— Exercise aim —
The stretch from the line with "Комплексная сравнительная рейтинговая" through the line with "Это небольшой астрономический" in the records below: write it out exactly, and nothing else.

— Data for review —

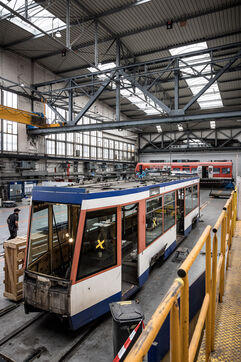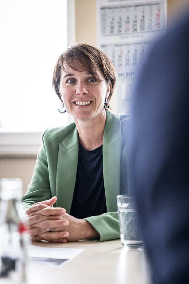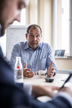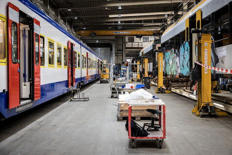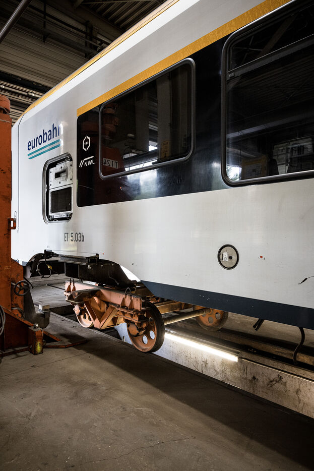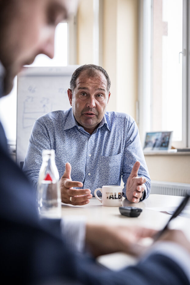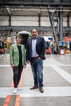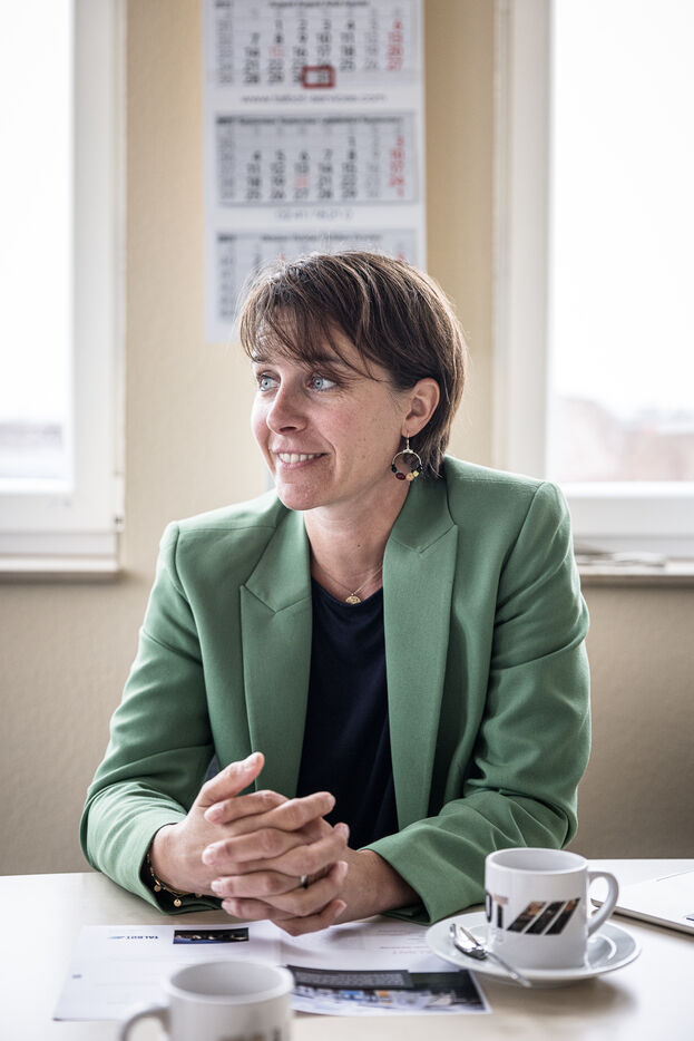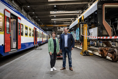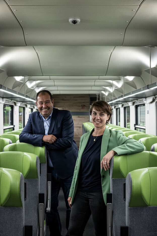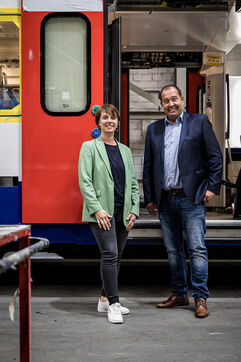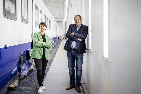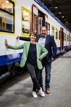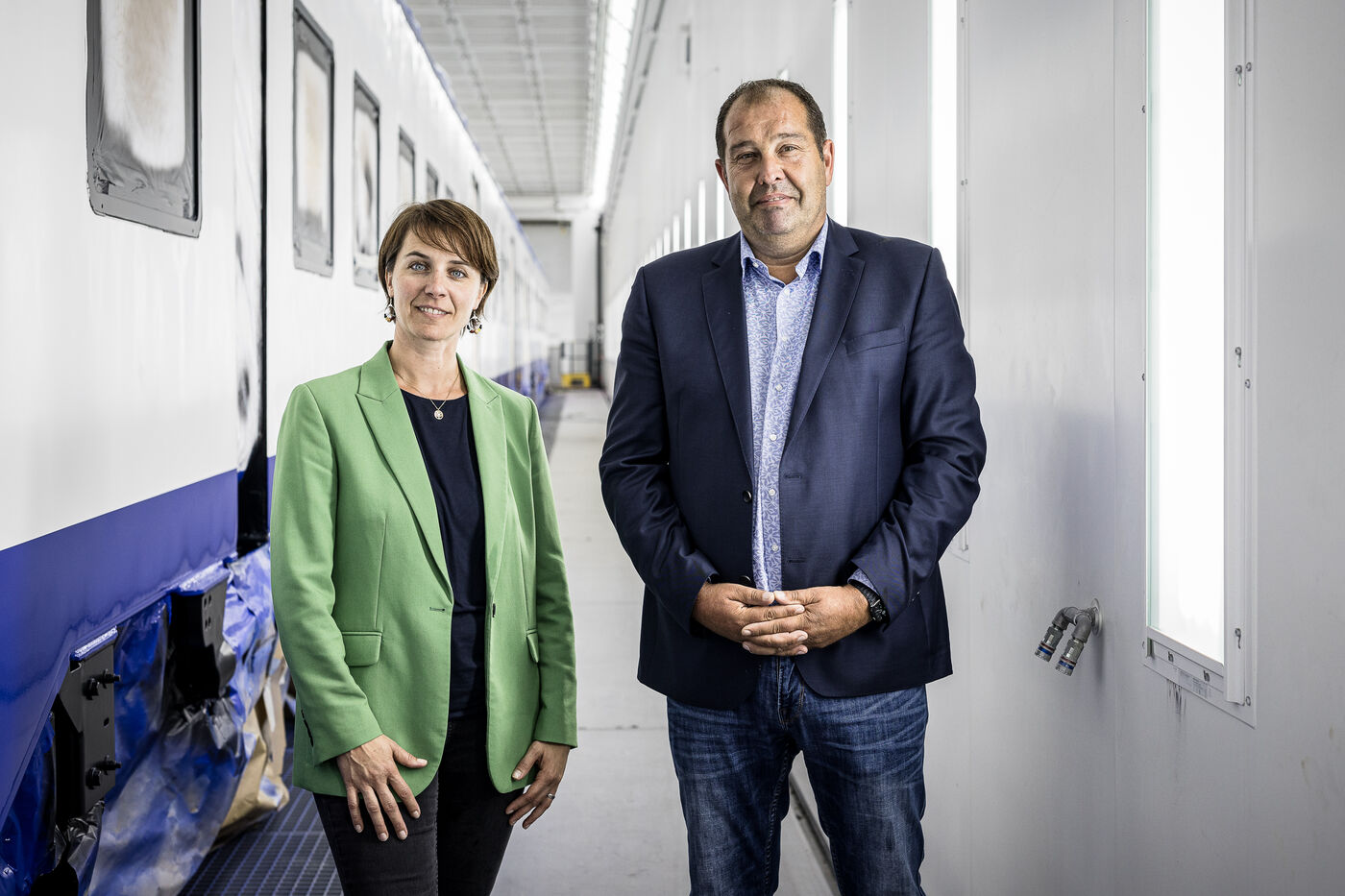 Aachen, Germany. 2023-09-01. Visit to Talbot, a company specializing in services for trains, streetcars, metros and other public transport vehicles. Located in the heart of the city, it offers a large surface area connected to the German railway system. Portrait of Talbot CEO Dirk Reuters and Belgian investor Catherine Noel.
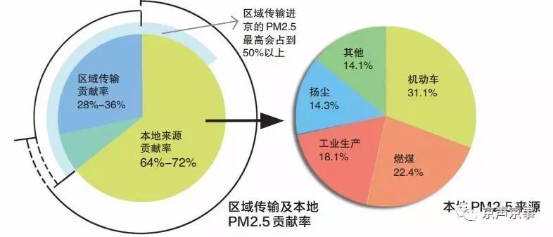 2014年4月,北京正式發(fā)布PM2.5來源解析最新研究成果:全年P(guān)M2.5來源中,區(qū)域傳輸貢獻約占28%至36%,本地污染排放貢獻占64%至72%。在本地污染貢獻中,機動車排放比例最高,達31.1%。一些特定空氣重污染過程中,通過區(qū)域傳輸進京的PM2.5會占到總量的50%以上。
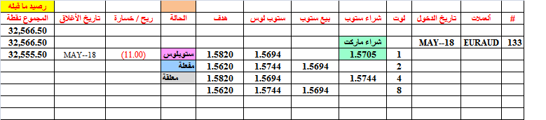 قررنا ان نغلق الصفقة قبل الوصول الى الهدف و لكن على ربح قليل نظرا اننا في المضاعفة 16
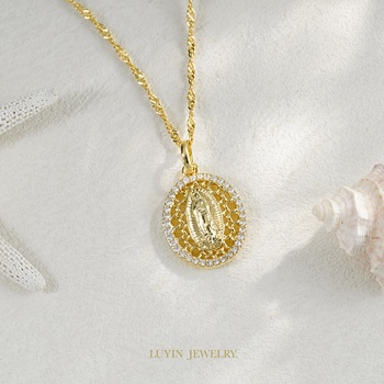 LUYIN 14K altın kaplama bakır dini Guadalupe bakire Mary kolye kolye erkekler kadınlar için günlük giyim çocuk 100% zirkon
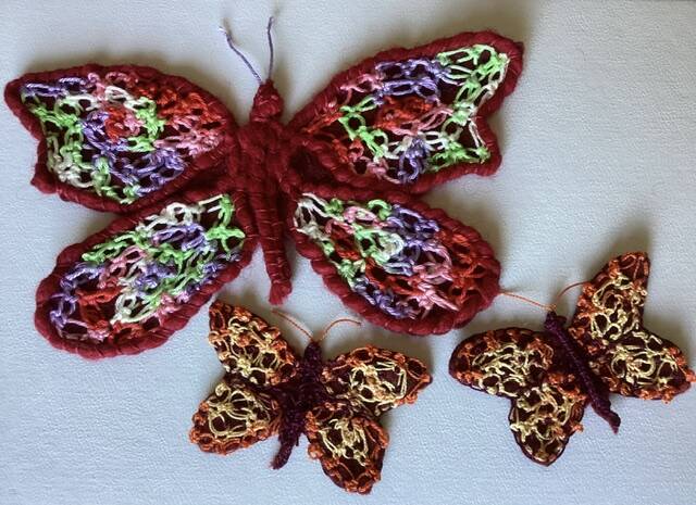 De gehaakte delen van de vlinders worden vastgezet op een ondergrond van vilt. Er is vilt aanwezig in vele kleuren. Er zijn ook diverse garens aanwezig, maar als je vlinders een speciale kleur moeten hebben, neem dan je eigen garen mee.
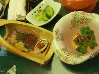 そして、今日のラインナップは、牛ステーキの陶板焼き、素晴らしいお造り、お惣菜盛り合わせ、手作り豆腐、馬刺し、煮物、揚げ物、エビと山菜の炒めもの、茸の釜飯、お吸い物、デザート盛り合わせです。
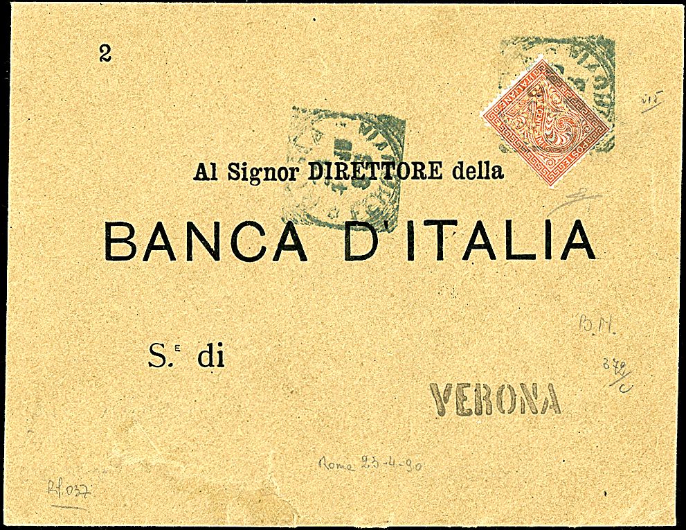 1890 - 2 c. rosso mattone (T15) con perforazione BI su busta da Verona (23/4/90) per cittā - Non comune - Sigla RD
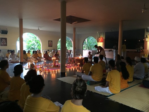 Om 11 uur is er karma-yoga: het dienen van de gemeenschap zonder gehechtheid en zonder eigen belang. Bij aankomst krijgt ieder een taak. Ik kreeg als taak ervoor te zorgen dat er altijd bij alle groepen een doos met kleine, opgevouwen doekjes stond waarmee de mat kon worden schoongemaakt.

==

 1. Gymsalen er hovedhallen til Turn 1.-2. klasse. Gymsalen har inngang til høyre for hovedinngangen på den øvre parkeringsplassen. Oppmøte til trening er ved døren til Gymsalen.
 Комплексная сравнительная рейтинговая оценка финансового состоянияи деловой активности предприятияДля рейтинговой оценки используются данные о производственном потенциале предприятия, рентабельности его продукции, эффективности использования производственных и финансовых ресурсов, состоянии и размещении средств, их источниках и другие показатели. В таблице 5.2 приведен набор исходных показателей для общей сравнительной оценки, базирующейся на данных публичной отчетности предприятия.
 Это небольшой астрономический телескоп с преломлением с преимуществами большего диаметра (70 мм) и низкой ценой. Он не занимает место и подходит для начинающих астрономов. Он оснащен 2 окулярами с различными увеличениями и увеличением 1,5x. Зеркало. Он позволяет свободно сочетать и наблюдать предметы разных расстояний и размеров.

— Answer below —
 Комплексная сравнительная рейтинговая оценка финансового состоянияи деловой активности предприятияДля рейтинговой оценки используются данные о производственном потенциале предприятия, рентабельности его продукции, эффективности использования производственных и финансовых ресурсов, состоянии и размещении средств, их источниках и другие показатели. В таблице 5.2 приведен набор исходных показателей для общей сравнительной оценки, базирующейся на данных публичной отчетности предприятия.
 Это небольшой астрономический телескоп с преломлением с преимуществами большего диаметра (70 мм) и низкой ценой. Он не занимает место и подходит для начинающих астрономов. Он оснащен 2 окулярами с различными увеличениями и увеличением 1,5x. Зеркало. Он позволяет свободно сочетать и наблюдать предметы разных расстояний и размеров.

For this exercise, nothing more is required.